• Work item
Using the listing below, please print exactly the lines from the one with "우리 3명은 일단 들깨" through the one with "Az osztott keretekkel". Leave out every picture.

• Extracted data
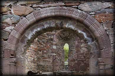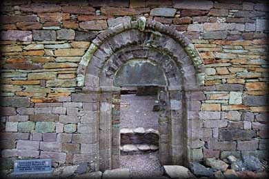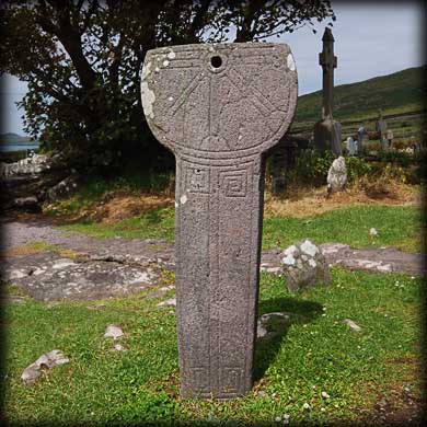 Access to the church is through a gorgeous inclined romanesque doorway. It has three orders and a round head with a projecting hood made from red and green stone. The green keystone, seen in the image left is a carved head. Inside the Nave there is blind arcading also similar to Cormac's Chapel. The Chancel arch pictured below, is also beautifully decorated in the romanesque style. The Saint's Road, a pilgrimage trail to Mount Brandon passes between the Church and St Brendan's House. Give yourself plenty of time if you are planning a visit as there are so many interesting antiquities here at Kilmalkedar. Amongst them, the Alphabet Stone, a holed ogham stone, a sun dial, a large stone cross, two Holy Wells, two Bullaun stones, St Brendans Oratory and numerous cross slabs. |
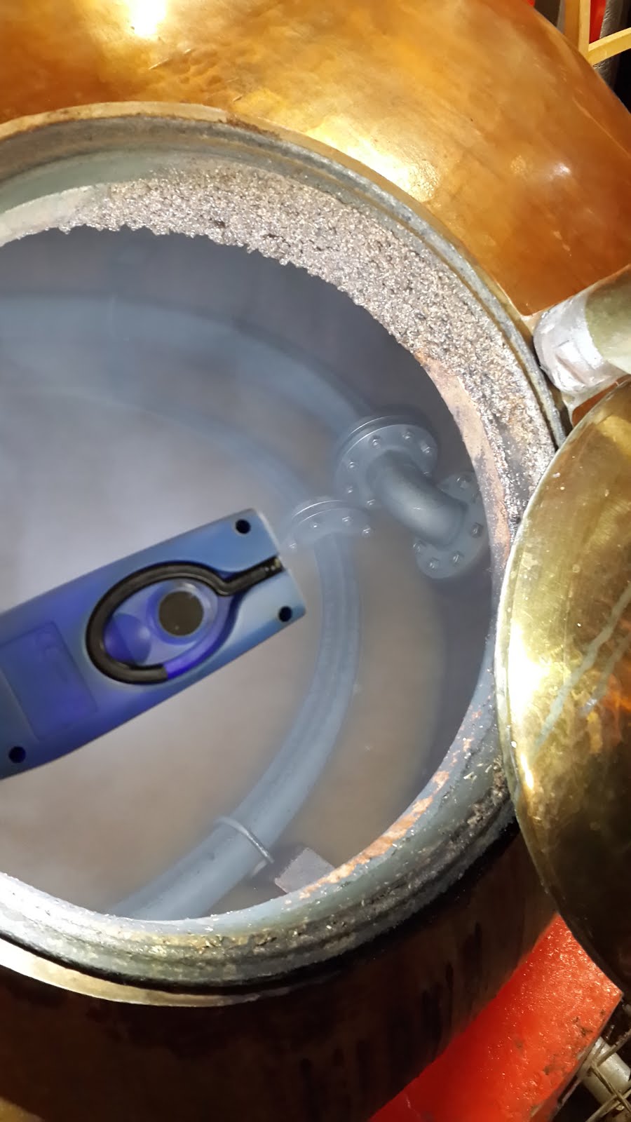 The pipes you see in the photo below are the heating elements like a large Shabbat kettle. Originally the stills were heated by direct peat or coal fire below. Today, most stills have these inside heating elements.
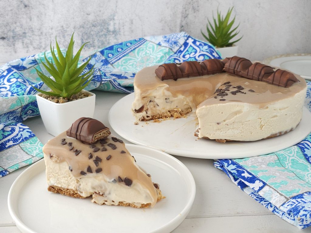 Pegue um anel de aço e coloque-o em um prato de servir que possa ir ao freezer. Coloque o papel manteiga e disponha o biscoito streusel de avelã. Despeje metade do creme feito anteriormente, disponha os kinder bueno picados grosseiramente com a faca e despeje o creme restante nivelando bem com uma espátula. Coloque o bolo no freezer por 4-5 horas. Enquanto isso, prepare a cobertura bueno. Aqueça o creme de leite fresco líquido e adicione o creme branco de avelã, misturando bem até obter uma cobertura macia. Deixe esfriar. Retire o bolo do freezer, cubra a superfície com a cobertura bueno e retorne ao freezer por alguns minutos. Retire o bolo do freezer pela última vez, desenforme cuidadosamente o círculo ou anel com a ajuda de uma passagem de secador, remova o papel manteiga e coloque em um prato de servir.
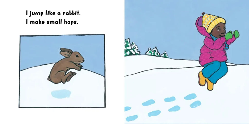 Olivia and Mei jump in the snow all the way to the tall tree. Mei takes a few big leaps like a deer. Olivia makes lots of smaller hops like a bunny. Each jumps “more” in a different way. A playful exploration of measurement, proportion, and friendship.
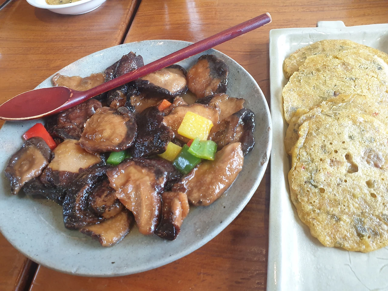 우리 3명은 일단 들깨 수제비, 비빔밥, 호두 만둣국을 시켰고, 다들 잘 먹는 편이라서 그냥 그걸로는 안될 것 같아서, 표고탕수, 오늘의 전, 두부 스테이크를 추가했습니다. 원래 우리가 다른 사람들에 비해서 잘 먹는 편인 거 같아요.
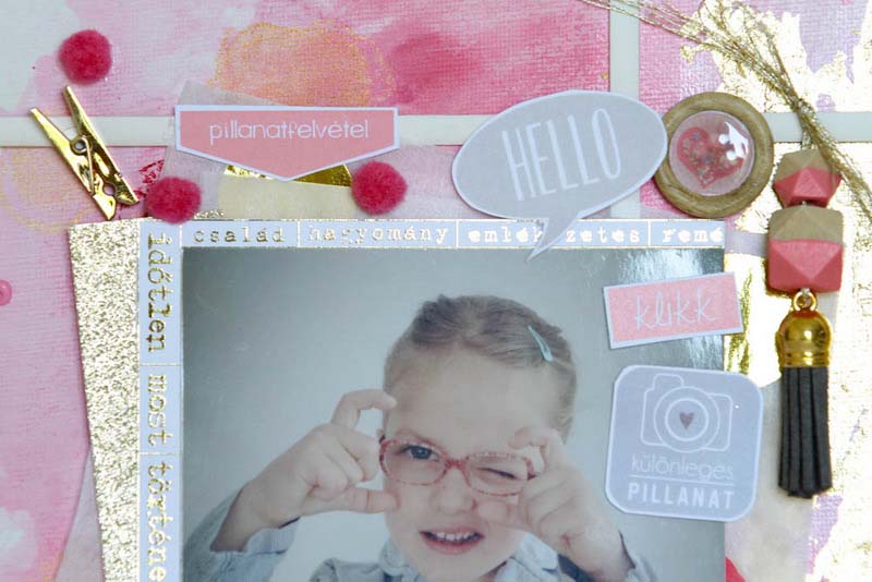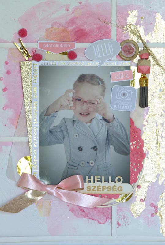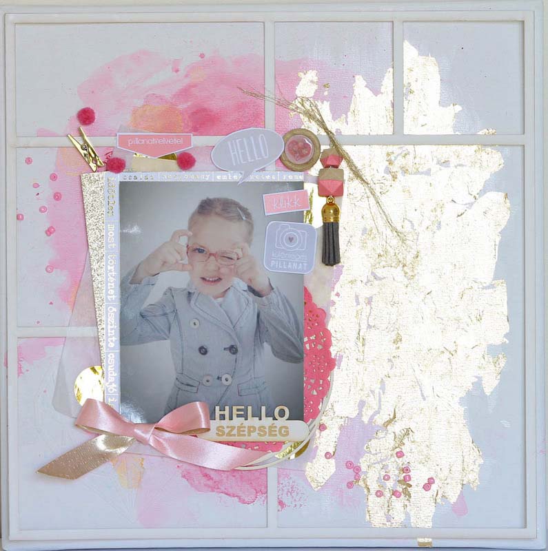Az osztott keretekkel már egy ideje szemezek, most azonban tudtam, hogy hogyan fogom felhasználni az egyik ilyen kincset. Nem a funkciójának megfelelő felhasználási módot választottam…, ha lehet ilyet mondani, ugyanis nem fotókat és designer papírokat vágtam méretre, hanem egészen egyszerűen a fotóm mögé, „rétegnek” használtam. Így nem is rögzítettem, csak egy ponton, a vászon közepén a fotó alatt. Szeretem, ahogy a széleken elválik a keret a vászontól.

---

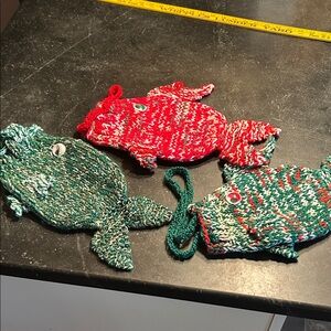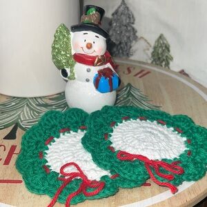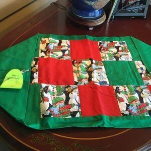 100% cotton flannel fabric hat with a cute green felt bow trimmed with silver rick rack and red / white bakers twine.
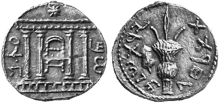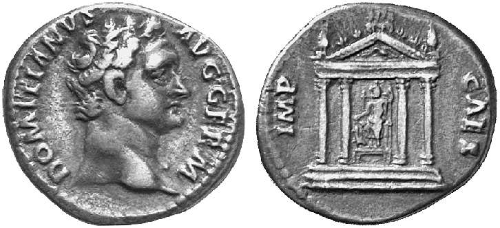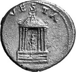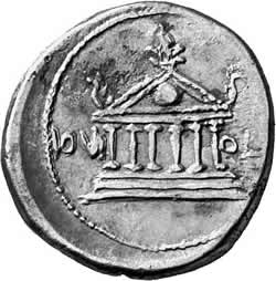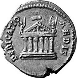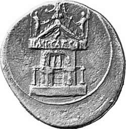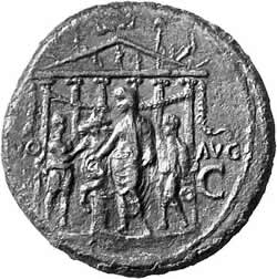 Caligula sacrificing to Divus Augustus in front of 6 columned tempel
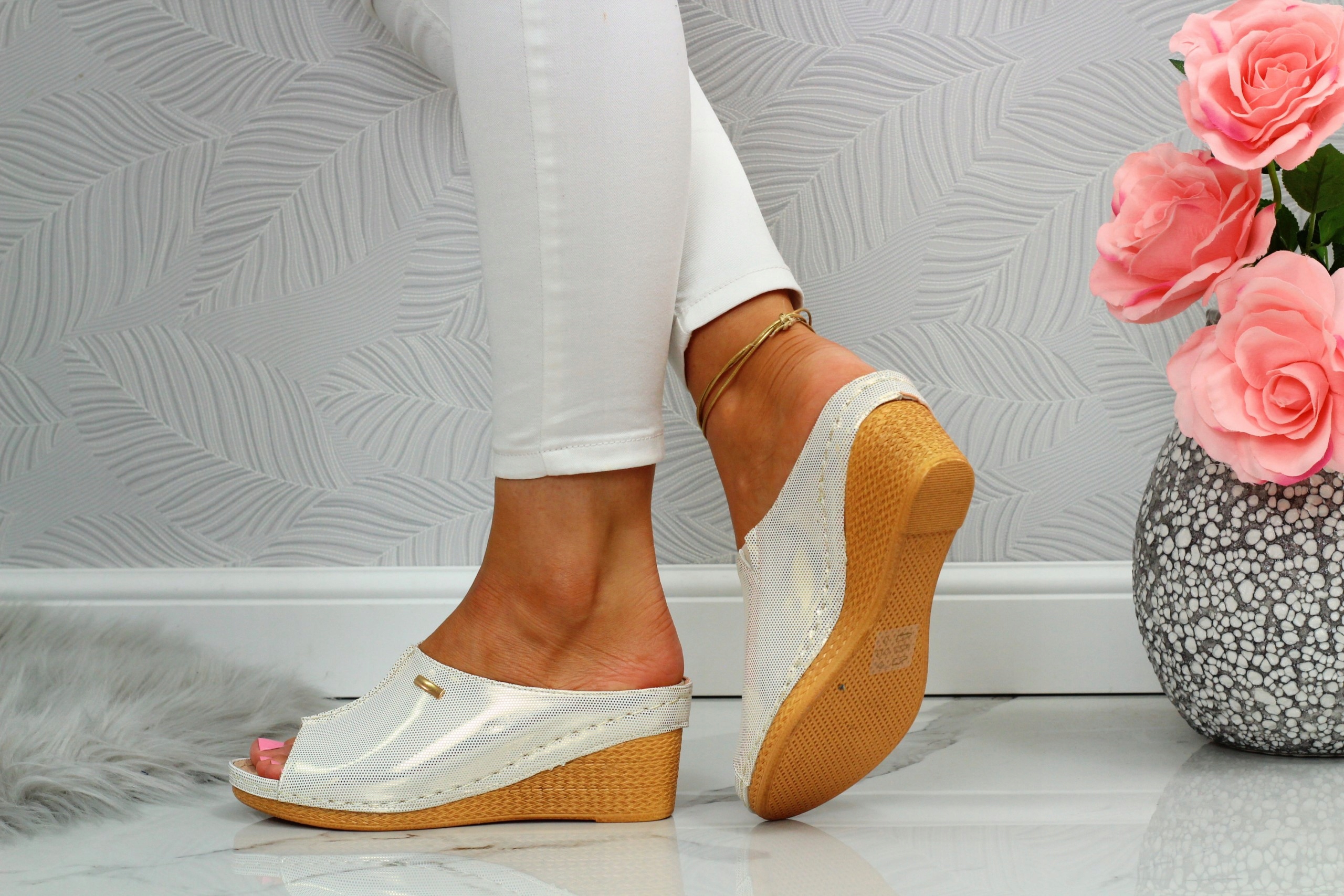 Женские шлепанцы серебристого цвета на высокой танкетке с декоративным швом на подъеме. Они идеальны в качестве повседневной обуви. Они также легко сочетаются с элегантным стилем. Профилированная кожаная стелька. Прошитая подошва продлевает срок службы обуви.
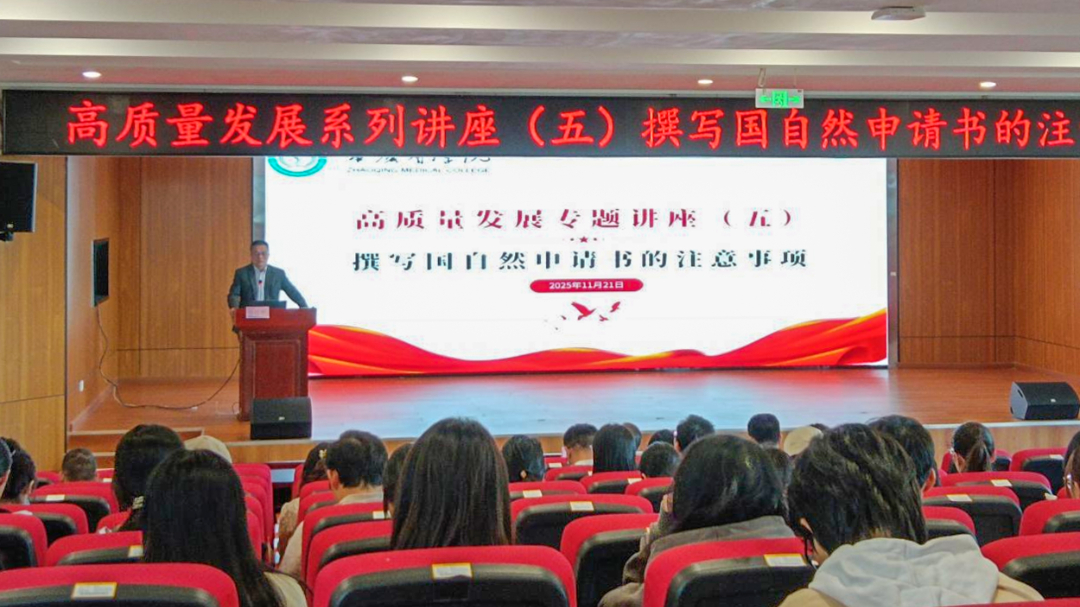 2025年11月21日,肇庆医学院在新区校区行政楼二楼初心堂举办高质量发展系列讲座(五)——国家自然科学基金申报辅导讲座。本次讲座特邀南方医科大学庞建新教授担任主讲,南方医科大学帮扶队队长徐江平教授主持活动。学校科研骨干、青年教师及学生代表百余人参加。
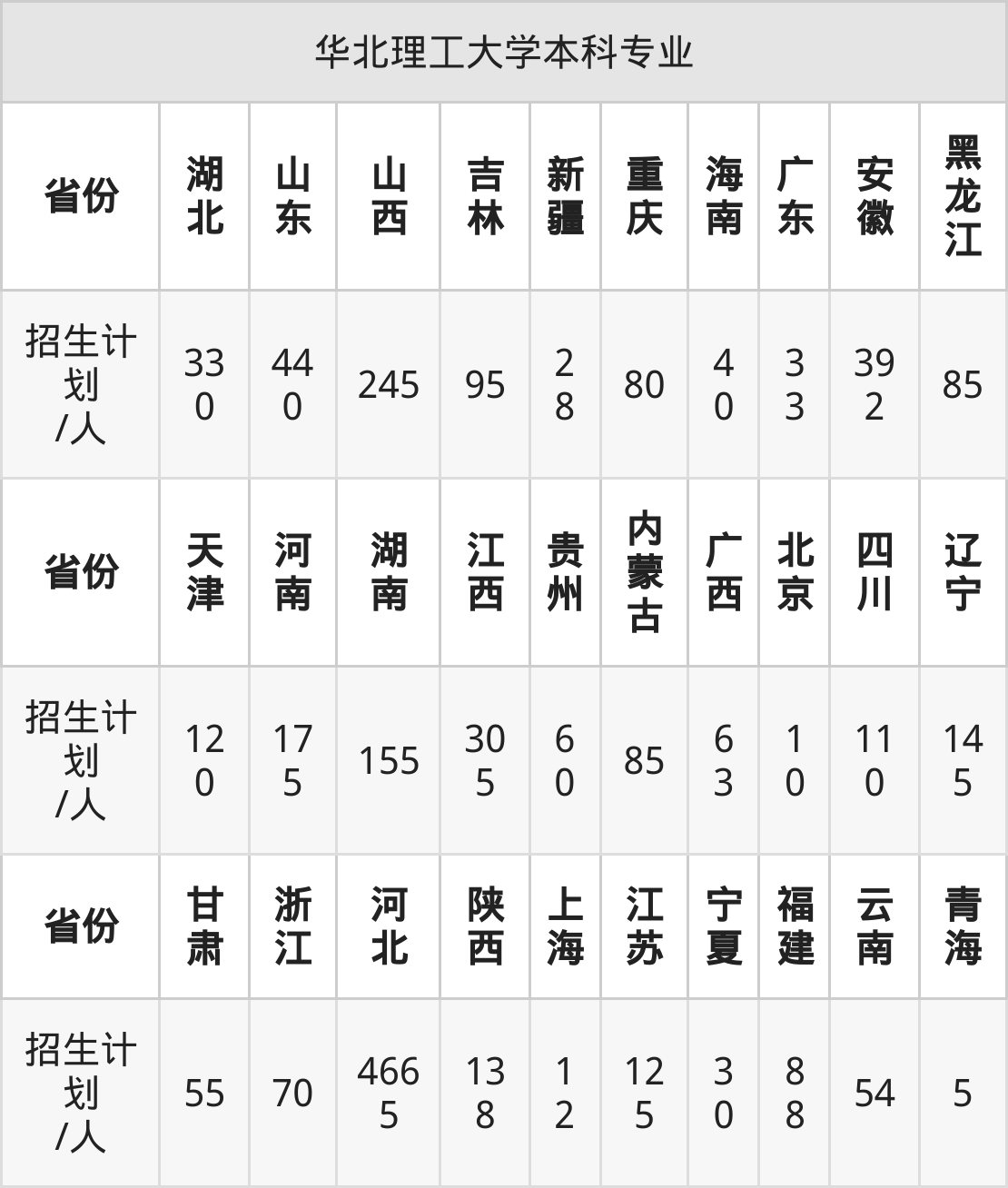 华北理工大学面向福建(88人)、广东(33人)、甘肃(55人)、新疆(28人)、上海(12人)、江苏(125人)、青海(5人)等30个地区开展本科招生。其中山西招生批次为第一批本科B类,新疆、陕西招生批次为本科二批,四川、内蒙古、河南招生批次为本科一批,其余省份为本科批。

---

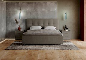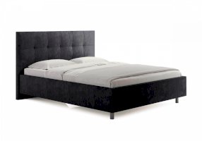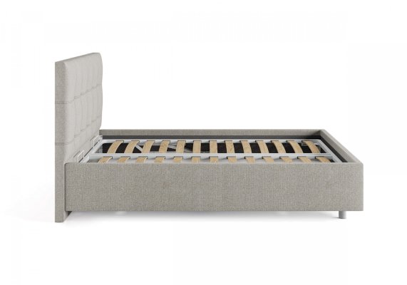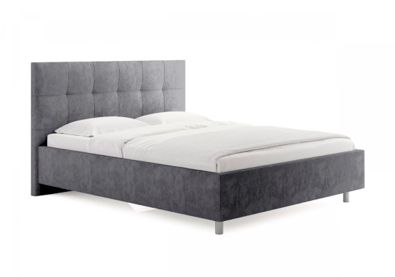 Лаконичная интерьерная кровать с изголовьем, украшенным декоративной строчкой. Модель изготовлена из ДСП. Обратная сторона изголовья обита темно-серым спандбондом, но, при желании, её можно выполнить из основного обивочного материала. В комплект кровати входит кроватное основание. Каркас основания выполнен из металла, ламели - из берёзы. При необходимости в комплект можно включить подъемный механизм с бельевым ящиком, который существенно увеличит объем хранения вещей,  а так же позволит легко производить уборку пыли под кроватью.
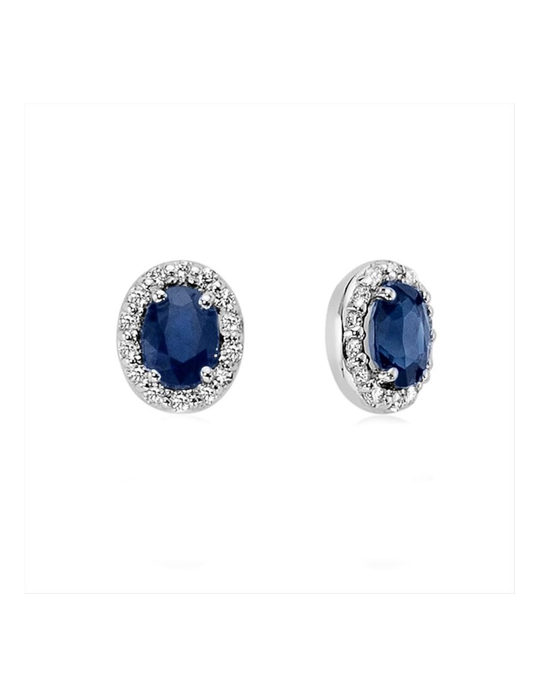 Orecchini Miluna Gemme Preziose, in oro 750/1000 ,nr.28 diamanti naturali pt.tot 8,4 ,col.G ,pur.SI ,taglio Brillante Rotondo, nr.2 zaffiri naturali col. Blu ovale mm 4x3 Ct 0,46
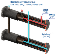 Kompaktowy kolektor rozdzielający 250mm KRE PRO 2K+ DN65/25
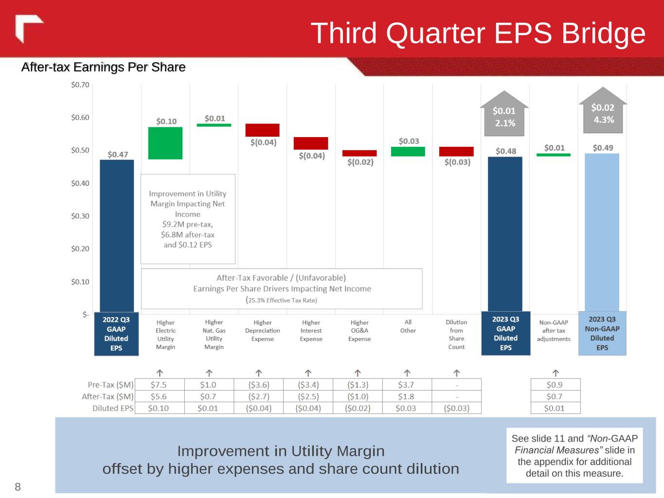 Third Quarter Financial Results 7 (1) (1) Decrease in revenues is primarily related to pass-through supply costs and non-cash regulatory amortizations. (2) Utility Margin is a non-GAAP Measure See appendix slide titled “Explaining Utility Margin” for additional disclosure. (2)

• Expected answer
 우리 3명은 일단 들깨 수제비, 비빔밥, 호두 만둣국을 시켰고, 다들 잘 먹는 편이라서 그냥 그걸로는 안될 것 같아서, 표고탕수, 오늘의 전, 두부 스테이크를 추가했습니다. 원래 우리가 다른 사람들에 비해서 잘 먹는 편인 거 같아요.
Az osztott keretekkel már egy ideje szemezek, most azonban tudtam, hogy hogyan fogom felhasználni az egyik ilyen kincset. Nem a funkciójának megfelelő felhasználási módot választottam…, ha lehet ilyet mondani, ugyanis nem fotókat és designer papírokat vágtam méretre, hanem egészen egyszerűen a fotóm mögé, „rétegnek” használtam. Így nem is rögzítettem, csak egy ponton, a vászon közepén a fotó alatt. Szeretem, ahogy a széleken elválik a keret a vászontól.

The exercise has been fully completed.